A key aspect of Pasquali’s leadership has been the fostering of interdisciplinary collaborations that bridge chemical engineering, physics, chemistry, and materials science. Through these partnerships, his group advances the experimental techniques and theoretical models necessary to comprehend and manipulate the flows of complex fluids at multiple length and time scales. This approach not only enriches fundamental understanding but also drives innovation in manufacturing processes, enabling the design of new materials with desired properties and functionalities.

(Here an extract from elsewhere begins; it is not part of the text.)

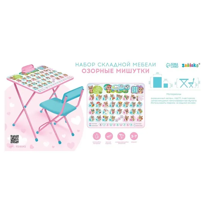 Ребёнок будет охотней заниматься творчеством, учиться писать, считать и познавать мир, если его окружить яркой и удобной мебелью. Набор складной мебели станет милым дополнением детской комнаты.

Recognizing the broader implications of his work, Pasquali also directs the Carbon Hub, a unique coalition of universities and industry aiming to develop sustainable carbon materials as part of the energy and materials transition. This initiative focuses on eco-friendly carbon fiber and composite technologies that reduce the carbon footprint of construction and manufacturing sectors while enhancing performance. Supported by corporate partners and the Kavli Foundation’s Exploration Award in Nanoscience for Sustainability, the Carbon Hub exemplifies how fundamental materials research translates to global environmental and economic challenges.
Throughout his distinguished career, Pasquali has received numerous accolades reflecting his scientific excellence and mentorship. Prior honors include fellowships in the American Physical Society and the American Association for the Advancement of Science, alongside awards such as the Rice Presidential Award for Mentoring and the National Science Foundation CAREER Award. These honors complement his recent election as a SoR fellow, collectively acknowledging his broad impact in advancing materials science and rheology.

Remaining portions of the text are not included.